The idea of violence directed specifically toward Officer Landrum conflicts with this image of appellant crawling on his shoulders and knees with his hands clasped to his stomach. By attempting to crawl away, appellant invited prosecution for evading arrest. See Tex.Penal Code Ann. Sec. 38.04(a) (Vernon Supp. 1994); Raymond, 640 S.W.2d at 679. Merely trying to flee does not, however, involve sufficient force directed at the peace officer to sustain a conviction for resisting arrest. See Raymond, 640 S.W.2d at 679; Washington, 525 S.W.2d at 190 (citing Seth S. Searcy III James R. Patterson, Practice Commentary, Tex.Penal Code Ann. Sec. 38.03). Nor is the peace officer the object of any force expended in shaking off a detaining grip, which implies no less force than refusing to submit to the handcuffs. See Young, 622 S.W.2d at 101; Searcy Patterson, supra.

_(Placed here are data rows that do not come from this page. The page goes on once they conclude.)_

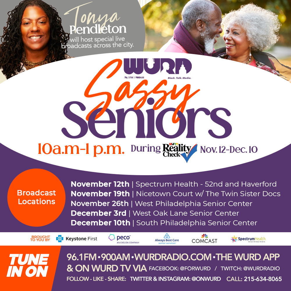 Sassy Seniors is an event series honoring our seniors who are still active. WURD Radio will spotlight community resources to ensure seniors know what services are available to them. During Reality Check, hosted by Tonya Pendleton, WURD will broadcast live from various sites across the city. WURD Radio is creating an important space for Philadelphia’s African American community to gain information and ask questions from insurance and senior service experts about the best options for their health care as they get older. Brought to you by Comcast, PECO, Keystone First, Spectrum Health and Always Best Care.
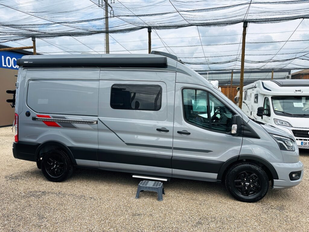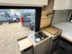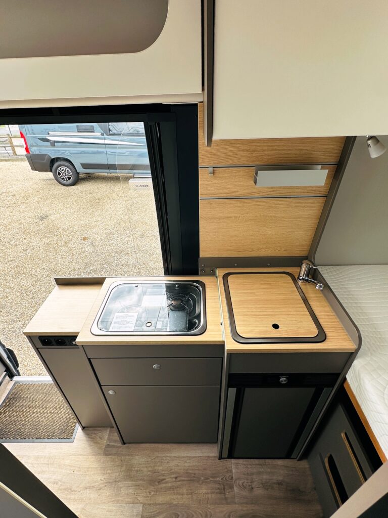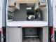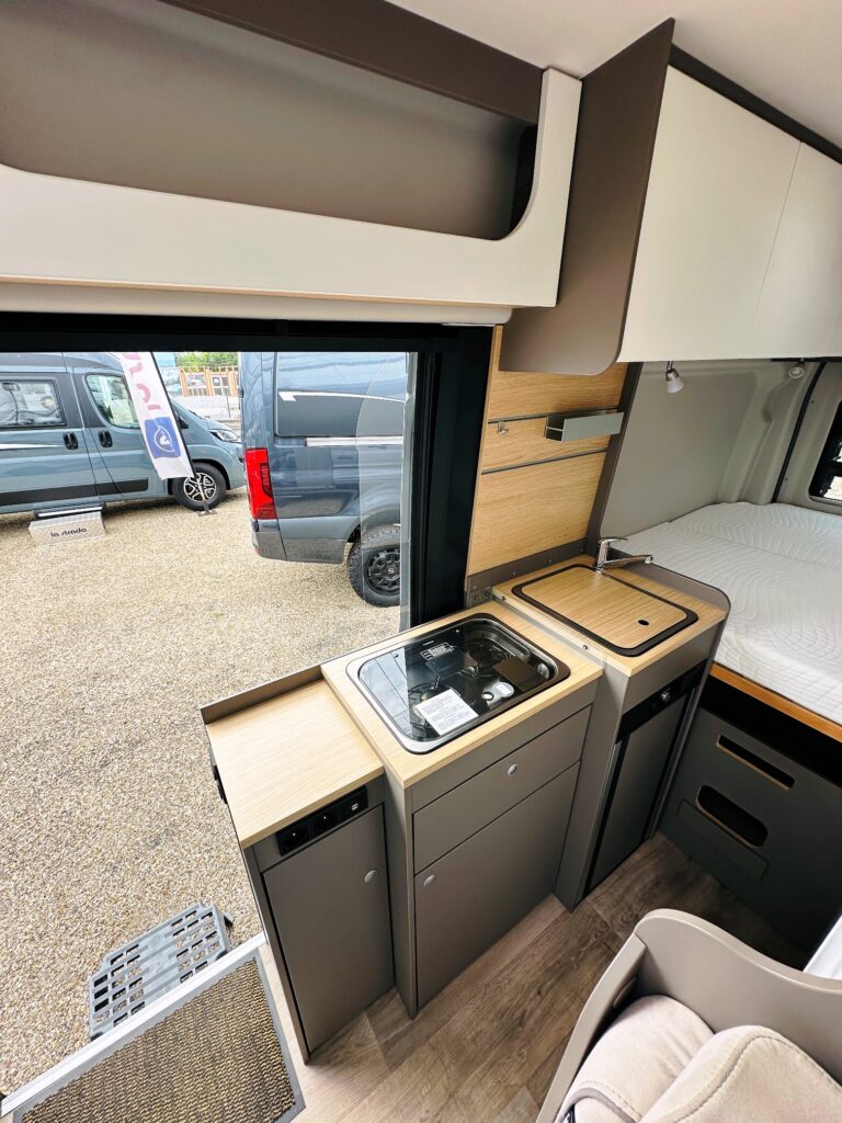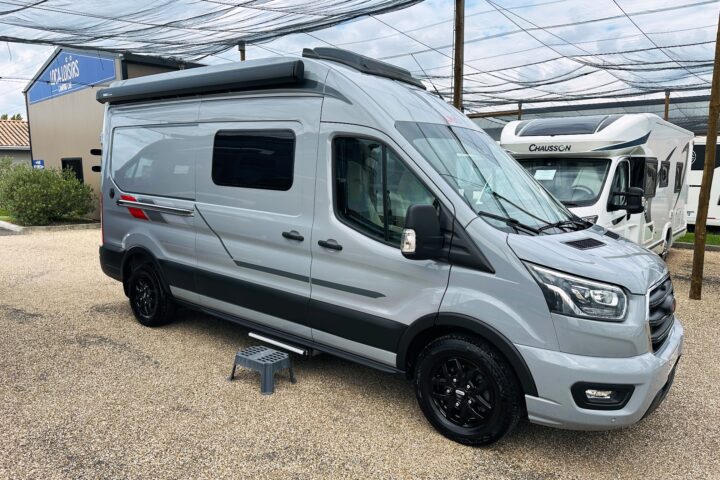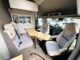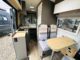 Fourgon LMC (5.98 M), lit permanent arrière transversale modulable (possibilité de dégager le couloir), salle de bain avec douche intégrée, salon avant avec sièges pivotant, table centrale, cuisine droite équipée de nombreux rangements, d’un plan de travail amovible et d’un frigo par compression.
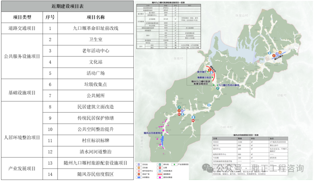 如九口堰村近期主要建設內容為基礎設施與公共服務設施完善、人居環境整治,以及部分池塘整治和產業發展項目。
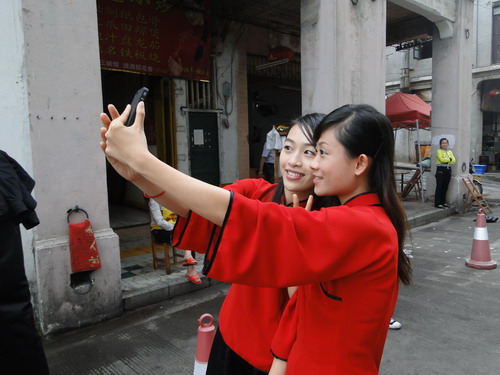 ????為了找到最好的拍攝場景和避開行人、車輛的干擾,劇組通常要在騎樓城來來往往走上好幾趟。盡管如此,演員們也從不叫累,“我覺得在騎樓城多走走也挺好的,可以順便為電影做宣傳。”梁舒琴說,很多市民都對他們的拍攝很感興趣,一聽到是梧州人自己在拍電影都十分支持,在金龍巷拍攝時,市民王伯還把自家的椅子搬出來,給演員們休息。
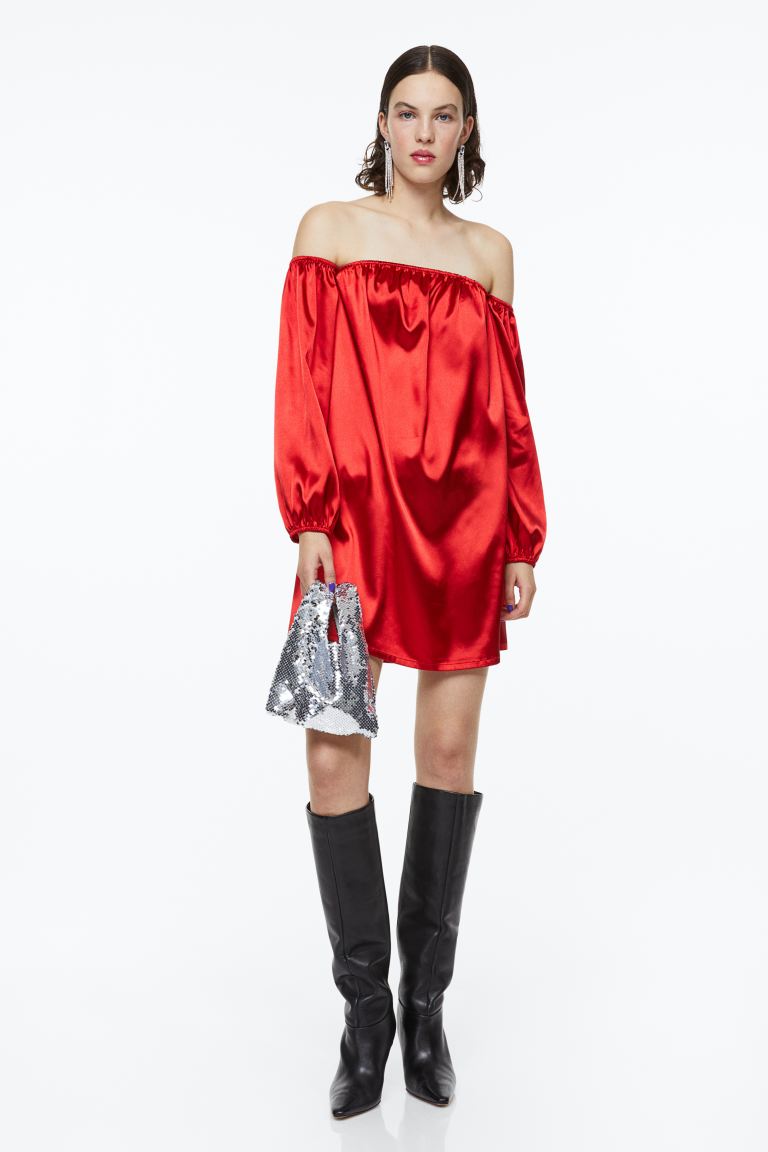 Es un vestido corto tipo evasé, confeccionado en un satén ligeramente drapeado. Una prenda que deja tus hombros completamente al aire y que se remata con unas mangas globo largas con elástico en el puño. El escote también tiene elástico, para conseguir un mejor ajuste.
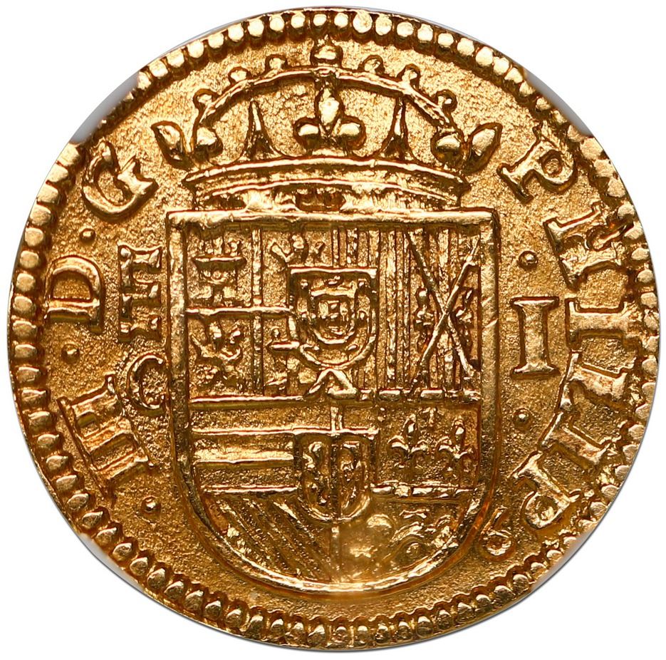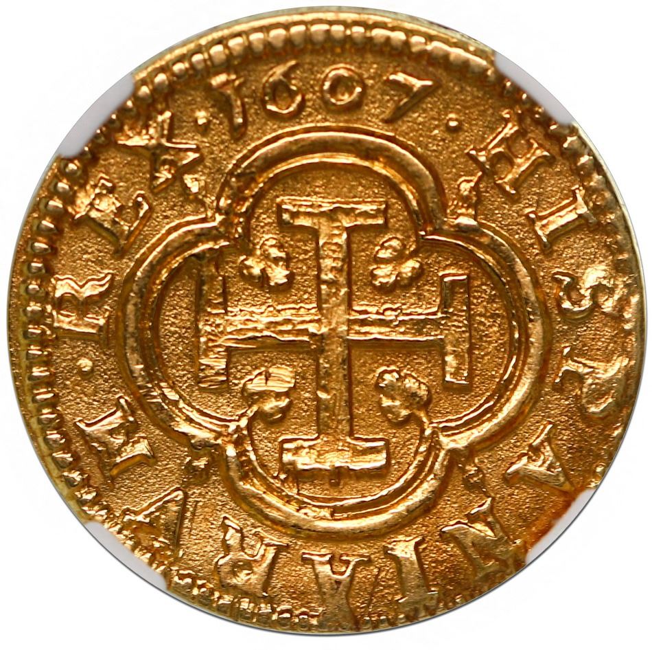 Segovia, Spain, gold milled 1 escudo, Philip III, 1607 C, king's name as PHILIP, NGC MS 65. Cal-1015; KM-29. Scarce and desirable first milled gold of Spain (second variety with 9-shaped ornament after abbreviated king's name), with razor-sharp and pristine details, muted luster on unblemished fields, second highest grade in NGC census behind a pair of MS 66's.
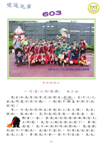 畢旅劍湖山 一次真心的道歉 蘇子涵 現在和我有說有笑的朋友-彩妍,在不久之 前我們還吵架冷戰,一點都不願意和對方說 話呢! 有一次我和彩妍在安親班上英文課,我在 損她、糗她時,忽然感到背後一股寒意,我 轉身一看,發現她的眼睛裡雄雄怒火 正燃燒,我馬上腳底抹油溜了。事情 過後,我不知該如何面對她,想道歉 卻拉不下臉來,我悔不當初,如果我說話前 能先三思,事情就不會一發不可收拾,我也 121
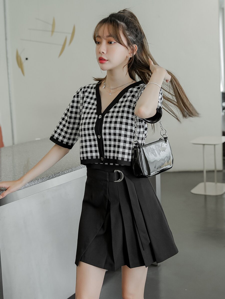Set cardigan con bottone & Top bretelle sottili a quadri
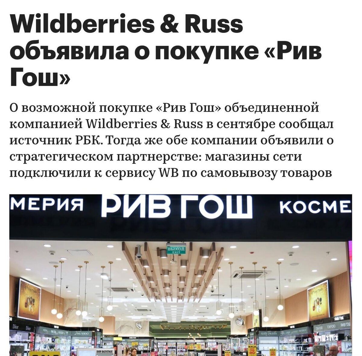 WB купил сеть Рив Гош, 252 магазина. Сделка обошлась в 6 млрд рублей.
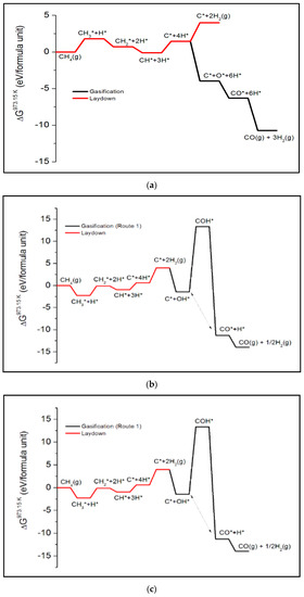 Figure 9 shows the effect of including entropic contributions to the thermodynamic free energy at 973.15 K. Although the effect of steam has not been included in the analysis of the methane cracking reaction for the monomeric carbon laydown, it is observed that the free energy profiles in Figure 9a–c show that the reaction is exothermic and proceeds spontaneously at high temperature. Although the intermediate step for the COH* formation (see Figure 9b) has a high thermodynamic barrier, all the subsequent intermediate steps are energetically favorable. In this case, the increased temperature of the simulated reaction makes the methane steam reforming reaction become overwhelmingly favorable thermodynamically.
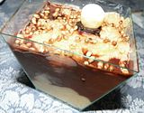 Una volta raffreddate incorporate ad ogni porzione di crema 100 gr di mascarpone. Profumate quella gialla con 2 cucchiai di rhum e quella scura con 2 cucchiai di brandy. Suddividete ora le due creme in 4 coppete individuali procedento a cucchiaiate alterne per ottenere un effetto marmorizzato. Metterle ora in frigo per un paio d'ore.
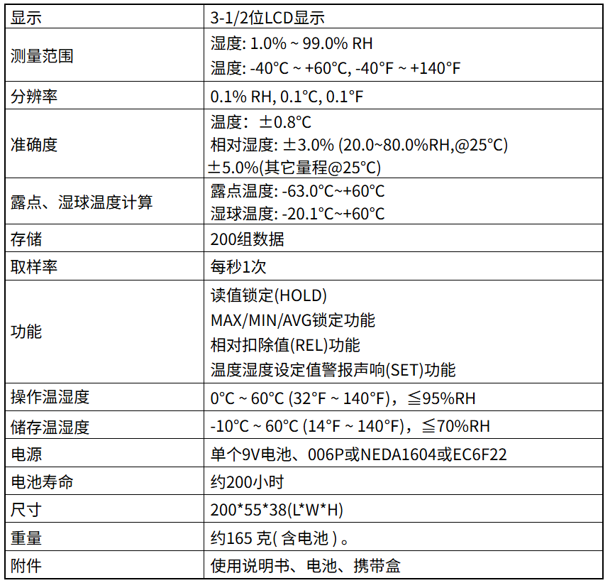 °C 或° F 单位切换。温度及湿度高低值警报设定 , 当超过或低于设定值时 , 蜂鸣器会发出声响。可记忆 200 笔量测记录。自动关机。最大值及最小值及平均值 (MAX/MIN) 锁定功能 , 及经过时间记录。资料锁定功能 (HOLD) 。相对值功能 (REL) 。露点温度测量。湿球温度测量。
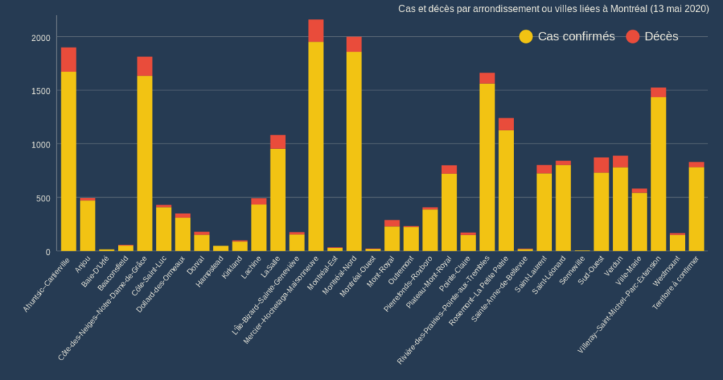 Cas et décès par arrondissement ou villes liées à Montréal (12 mai 2020).
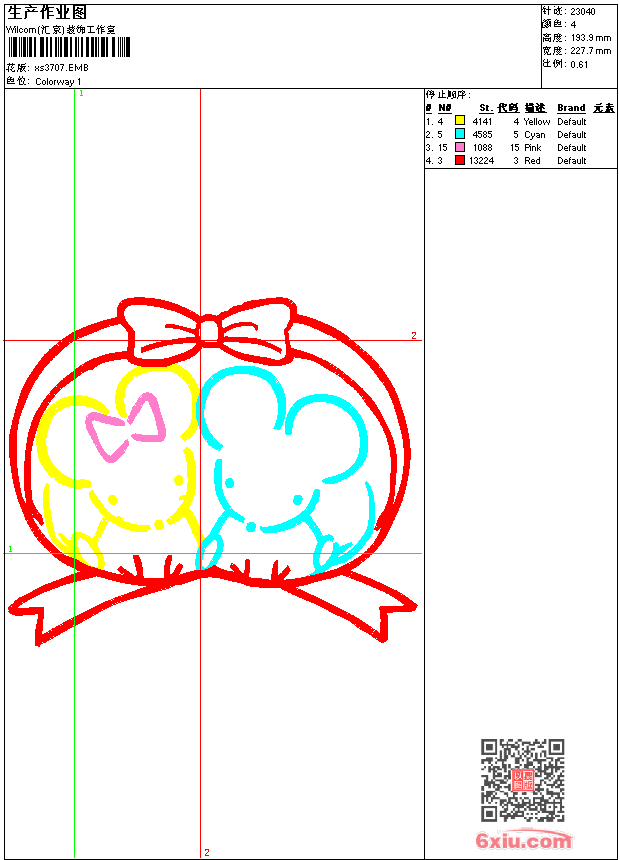 - 版带文件需绣花软件方可打开,可配色打印导出各种格式或直接上机绣。如无绣花软件可下载1:1模拟效果图。
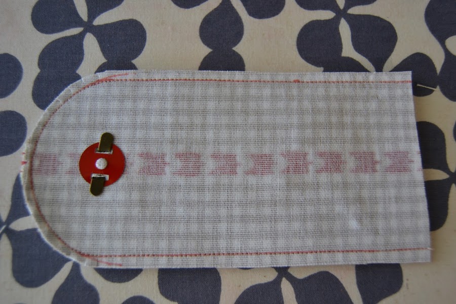 Pasar un pespunte a 1cm del borde superior para que la tela roja y el bolsillo queden fijados por arriba:
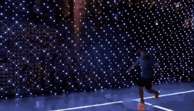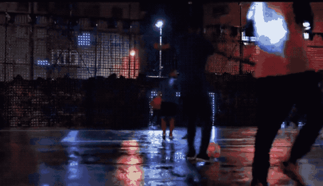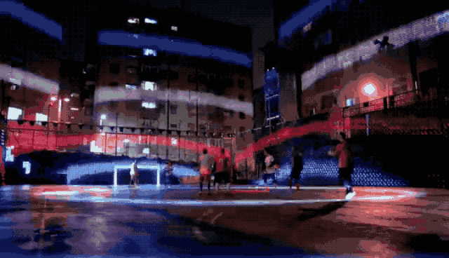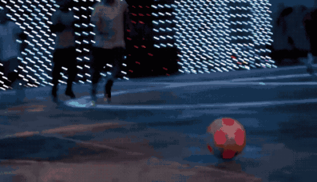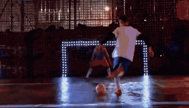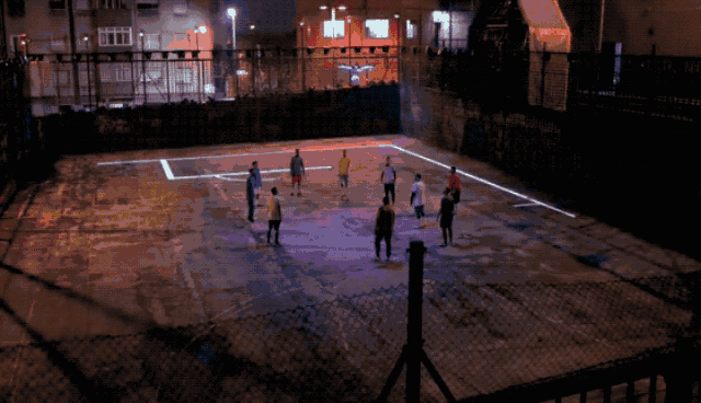 紧接着,原本空荡荡的场地上竟投射出白色光亮的球场边界线和中场线,记分牌和球门也在四周的栅栏上被投射出来。原来这是一场由无人机及投影设备所造就的多媒体“全自动”足球场,当无人机将足球放下的那一刻,比赛正式开始了!
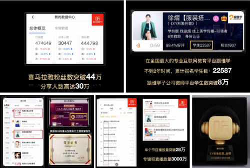 短短六年时间,先后在各大线上平台推出600余篇原创声音,吸引听众粉丝60万+、付费用户2万+;在国内最大的专业互联网教育平台“跟谁学”累计报名学员2.2万余名,“跟谁学”子公司微师平台学员数突破8万,直接影响受众超50万,带领无数爱美人士在主流与个性之间找到了属于自己独一无二的自由独立之美,并先后获得“中国品牌创新发展工程优秀企业”等一系列荣誉。
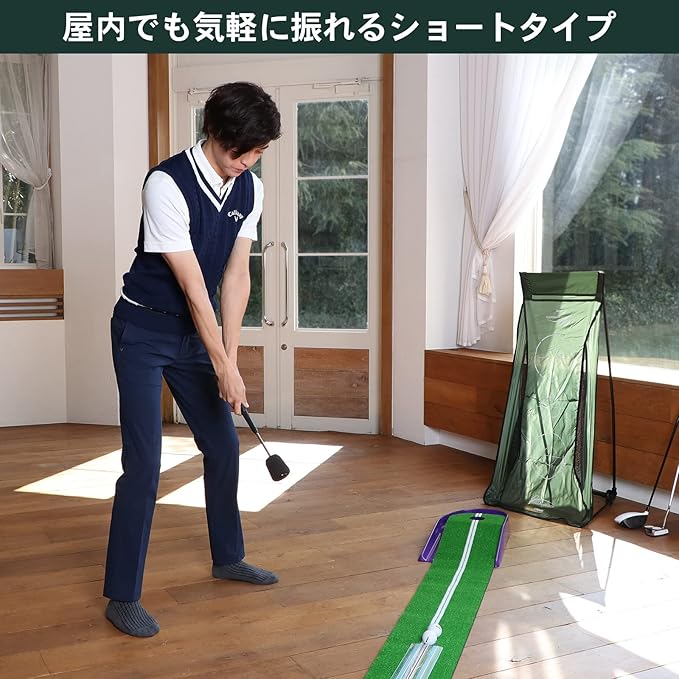 ・ヘッドにソフトカバーを装着した安心設計! ショートタイプなので室内練習にも安心!
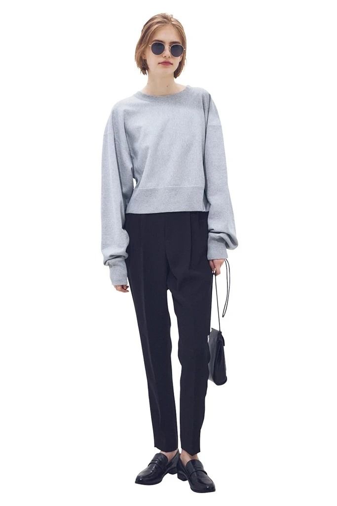 黒パンツ 23,100円/ENFÖLD グレーショートスエット 15,400円/FRAY I.D(FRAY I.D ルミネ新宿2店) サングラス 46,640円/Oliver Peoples(ルックスオティカジャパン カスタマーサービス) 黒バッグ 17,600円/マロウ(レイ ビームス 新宿) ローファー 16,390円/A de Vivre
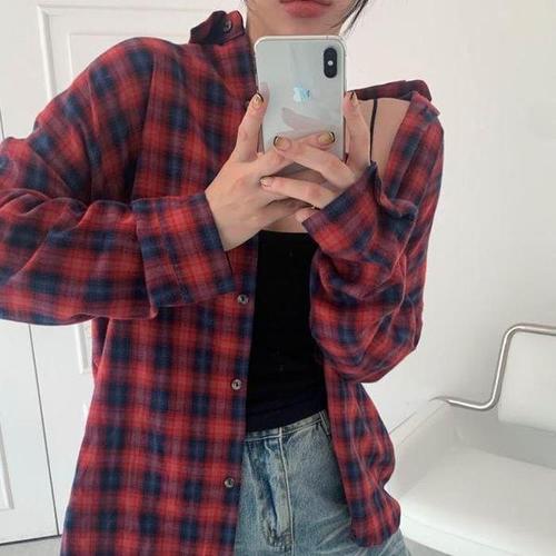 [다잇템_패션]여자 면원단 캠퍼스룩 타탄체크남방 셔츠
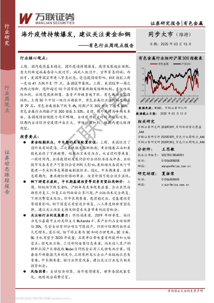 万联证券:有色行业周观点报告:海外疫情持续爆发,建议关注黄金和铜.pdf
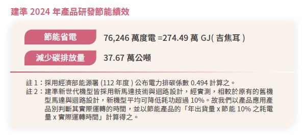 建準的諸多產品皆已陸續進行效能改良,並且被廣泛的應用於LED、工業/ 醫療、行動裝置、汽車、家電、通路客戶、雲端網通、電腦、辦公室設備、頭戴裝置等產業,2024年本公司來自能源效率相關產品的營收為124.52億元,為全球客戶節省7.62億度電,產品節能減碳之環保績效如下:
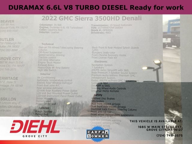 Cayenne Red 2022 GMC Sierra 3500HD Denali 4D Crew Cab 4WD Duramax 6.6L V8 Turbodiesel 10-Speed Automatic
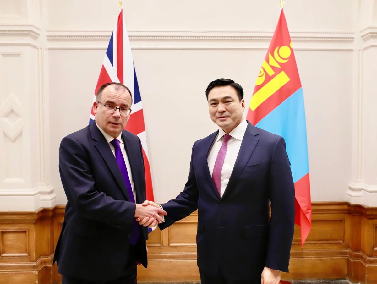 Монгол Улсын Шадар сайд С.Амарсайхан Их Британи, Умард Ирландын Нэгдсэн Хаант улсад хийж буй албан айлчлалынхаа хүрээнд Бизнес, худалдааны яамны экспорт, экспортын санхүүжилтийн агентлаг хариуцсан сайд, парламентын гишүүн Гарет Томастай \2025 оны 2 дугаар сарын 25\ уулзаж, хоёр улсын хамтын ажиллагааны талаар санал солилцлоо.
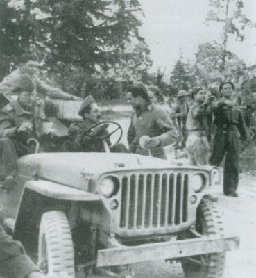 Domenico Troilo alla guida della jeep a colloquio con il tenente Mario Sciarra, vicecomandante della IV compagnia del capitano Mauro Filetti, schierata lungo la via Emilia il 20 aplile 1945 alle porte di Bologna. Sul mezzo a fianco del conducente c' è Gerardo Giovacchini e in piedi l'attendente di Troilo, il russo Aleksander Pesterlej detto "Shura". Domenico Troilo, at the wheel of the jeep, is talking to Lieutenant Mario Sciarra, Deputy Commandant of the IVth Company of Captain Mauro Filetti; they are lined up along the Via Emilia on 20th April 1945 at the entrance to Bologna. Gerardo Giovacchini is in the middle next to the driver and standing (at the rear) is Troilo’s attendant, the Russian Aleksander Pesterlej, known as “Shura”.

Considering only this relevant testimony in a light favorable to the verdict, no rational trier of fact could have found appellant guilty beyond doubt of "using force against the peace officer." See Tex.Penal Code Ann. Sec. 38.03(a). In listing the basic elements of resisting arrest, the Court of Criminal Appeals has consistently found this language important as an independent matter that the State must prove. See, e.g., Whiting v. State, 797 S.W.2d 45, 46 n. 3 (Tex.Crim.App. 1990); Sample, 626 S.W.2d at 516, 518; Young, 622 S.W.2d at 100; Jones, 606 S.W.2d at 858; Guevara v. State, 585 S.W.2d 744, 745 (Tex.Crim.App. 1979); Humphreys, 565 S.W.2d at 61; Sutton v. State, 548 S.W.2d 697, 699 (Tex.Crim.App. 1977); Washington, 525 S.W.2d at 190; accord Moody v. State, 830 S.W.2d 698, 700 (Tex.App. — Houston [1st Dist.] 1993, pet. ref'd); Mayfield, 758 S.W.2d at 374; Molina v. State, 754 S.W.2d 468, 474 (Tex.App. — San Antonio 1988, no pet.); Schrader, 753 S.W.2d at 734-36; Cates, 752 S.W.2d at 178; Anderson v. State, 707 S.W.2d 267, 269-70 (Tex.App. — Houston [1st Dist.] 1986, no pet.); Burke, 692 S.W.2d at 571; Raymond, 640 S.W.2d at 679; Boughton v. State, 631 S.W.2d 818, 819 (Tex.App. — Fort Worth 1992, pet. ref'd). The record might support a case for aggravated assault or a case for evading arrest. The State failed, however, to adduce sufficient evidence that appellant used force directed against Officer Landrum after the initial shoving. Accordingly, we sustain appellant's sole point of error.
We reverse the conviction and render a judgment of not guilty.